You control torque with your finger. You want it to drive, you pull the trigger. You want it to stop, you let off. You want it to run slower, you throttle it. When you slow it, the impacts are not as hard so there is less torque applied.

It, and any other driver I have used (Bosch, Rigid, Milwaukee, Makita, and probably a few others) are very controllable with a trigger throttle.


----------



## Tom Struble (Dec 29, 2008)

Dr Hicks said:


> Sure.
> 
> It's interesting though, that every description of an impact driver describes them as having a "downward hammering" movement as they turn. I suppose the argument would be whether it's a vertical hammering or horizontal hammering.


 
i think the word percussion would more defining


----------



## Tom Struble (Dec 29, 2008)

you can over torque with an impact, some times a drill/driver is more precise,but honestly i rarely use the driver anymore:no:


----------



## piste (Oct 7, 2009)

Impact drivers provide both downward AND rotational force....contrary to what some have posted herein. Impact WRENCHES provide rotational force only. This has been covered in recent threads....search and you will find. Or one real quick check of wikipedia should clear it up.


----------



## piste (Oct 7, 2009)

DrHicks said:


> It's interesting though, that every description of an impact driver describes them as having a "downward hammering" movement as they turn.

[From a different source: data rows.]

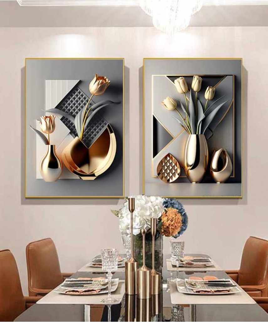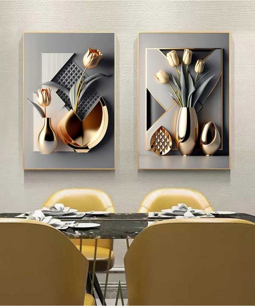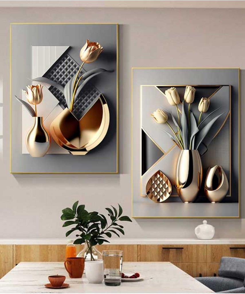 Gold Frame 60*90 Cm Crystall Painting Gold Vase Decoration For Living Room And Kitchen
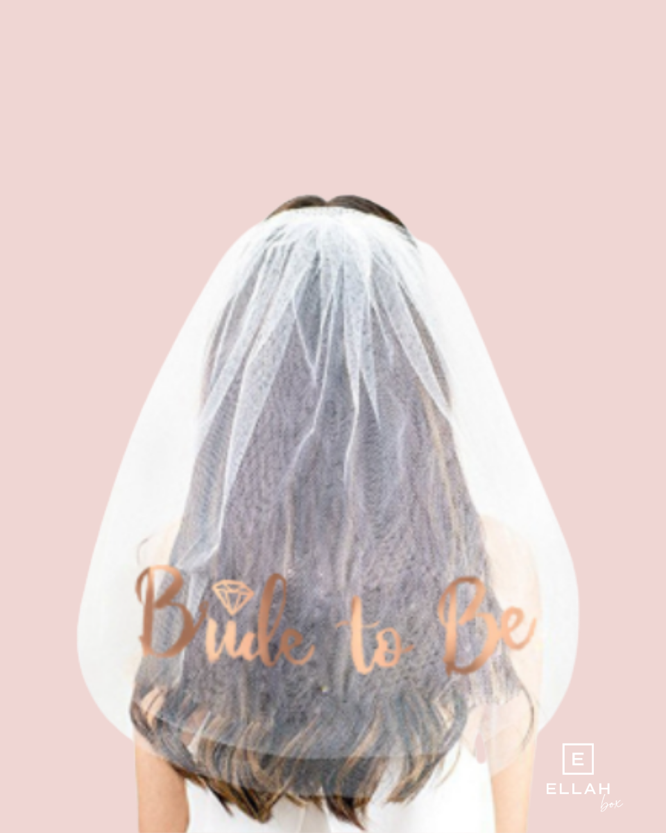 Tul blanco con la frase "bride to be" escrita en oro rosa.
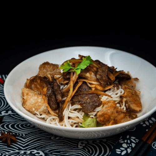 Grilled beef on rice vermicelli. Served with peanut

That's because that is what they do!


----------



## Tom Struble (Dec 29, 2008)

i believe your wrong:no:

wikipedia... thats cute:laughing:


----------



## nap (Dec 4, 2007)

piste said:


> Impact drivers provide both downward AND rotational force....contrary to what some have posted herein. Impact WRENCHES provide rotational force only. This has been covered in recent threads....search and you will find. Or one real quick check of wikipedia should clear it up.

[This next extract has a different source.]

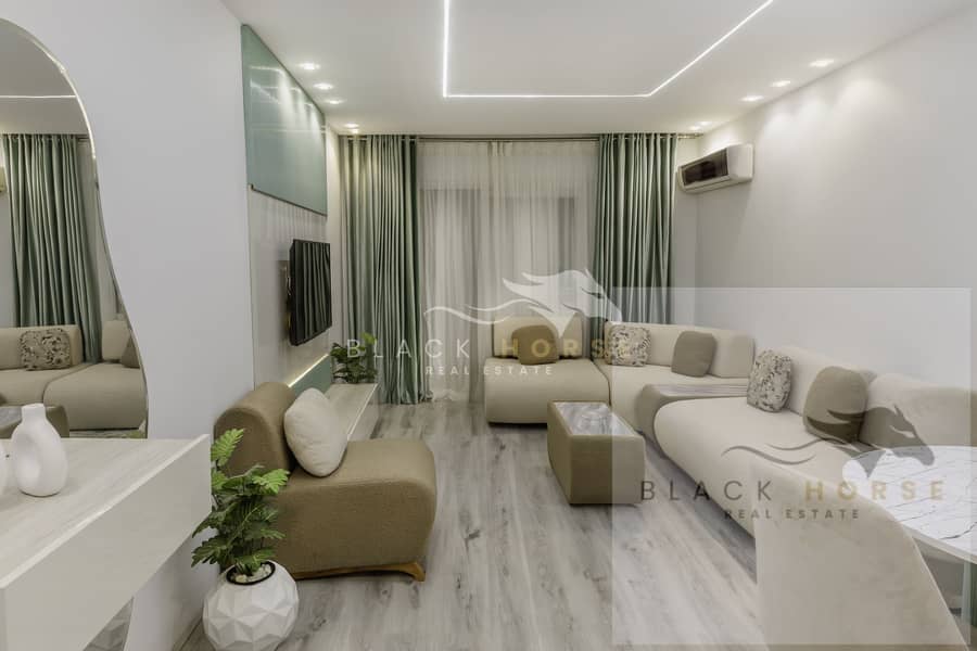 شقة معروضة حصرياً لدى شركة بلاك هورس العقارية ، تقع في منطقة راقية داخل مدينة الرحاب، بالقرب من السوق القديم وجميع الخدمات الأساسية.
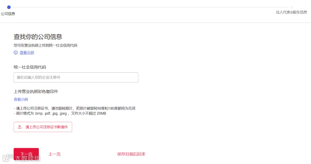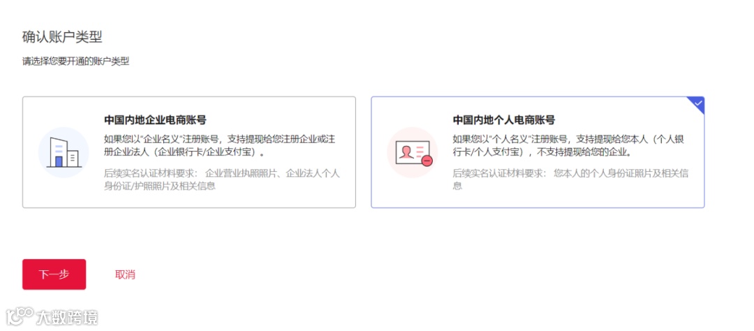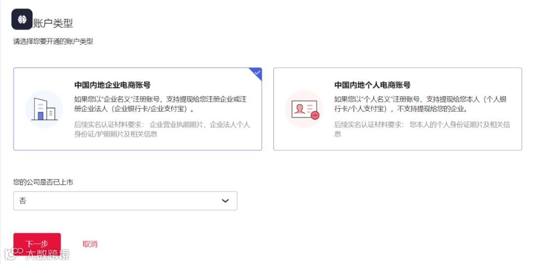 请选择【中国内地企业电商账号】,并准确填写统一社会信用代码。

I know for a fact mine does not provide downward force unless I am the force pushing it downward. I can go and check it, again, if you really don't believe me but I figure checking it, just because I read your post, is enough.


----------



## beerdog (Dec 10, 2008)

I can throttle my makita with the trigger.


----------



## piste (Oct 7, 2009)

tomstruble said:


> i believe your wrong:no:
> 
> wikipedia... thats cute:laughing:


You are free to believe what you want however incorrect it may be...just stop spreading false information.


----------



## 95025 (Nov 14, 2010)

tomstruble said:


> i think the word percussion would more defining


Yeah, I think that's accurate. We could also probably campaign for the word vibrate. 

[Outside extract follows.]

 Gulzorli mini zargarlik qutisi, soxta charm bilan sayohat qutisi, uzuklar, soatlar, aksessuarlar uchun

Hey - I'm going to be building a couple decks this summer. I've actually got my eye on an 18v DeWALT Impact Driver (already have an 18v kit), and am waiting for it to go on sale. Do you have any experience with the DeWALT? Good, bad, ugly? Got a better recommendation?


----------



## beerdog (Dec 10, 2008)

Makita sells both impact drivers and impact wrenches. They look identicle based on the web site pics. The Impact wrenches delivers higher torque and have a 3/8" square drive. The Impact drivers have the 1/4" socket drive. The web site does not describe how the impact hammer works.


----------



## beerdog (Dec 10, 2008)

The wikipedia site does have some good info. 
http://en.wikipedia.org/wiki/Impact_driver
http://en.wikipedia.org/wiki/Impact_wrench

It makes sense. According to this the impact driver is intended for screws and other similiar fastners. The impact wrench is intended for nuts and bolts where a downward force is not needed and potentially damaging.


----------



## Tom Struble (Dec 29, 2008)

DrHicks said:


> Yeah, I think that's accurate. We could also probably campaign for the word vibrate.
> 
> 
> Hey - I'm going to be building a couple decks this summer. I've actually got my eye on an 18v DeWALT Impact Driver (already have an 18v kit), and am waiting for it to go on sale. Do you have any experience with the DeWALT? Good, bad, ugly? Got a better recommendation?


 
the dewalt is a good one:thumbsup:


----------



## Tom Struble (Dec 29, 2008)

beerdog said:


> The wikipedia site does have some good info.
> http://en.wikipedia.org/wiki/Impact_driver
> http://en.wikipedia.org/wiki/Impact_wrench
> 
> It makes sense. According to this the impact driver is intended for screws and other similar fasteners. The impact wrench is intended for nuts and bolts where a downward force is not needed and potentially damaging.


 
:no: they are confusing 2 different impact drivers,the hand one uses the downwards force of a hammer blow and converts it to a rotational action

the cordless impact drivers we are talking about ARE just like the impact wrenches that mechanics use


----------



## michaelcherr (Nov 10, 2010)

As far as the torque control:
Most of the time when driving screws we want a certain level of countersink, we can control that on a drill/driver with the torque settings.
An impact provides a great deal of torque but doesn't turn the screw very far on each hammer blow.
Because each little hammer blow is at full torque, you can hit the trigger to drive it in just a little farther.
Pushing in a 3" screw "just a little farther" is difficult with a drill driver, but this is where an impact excels.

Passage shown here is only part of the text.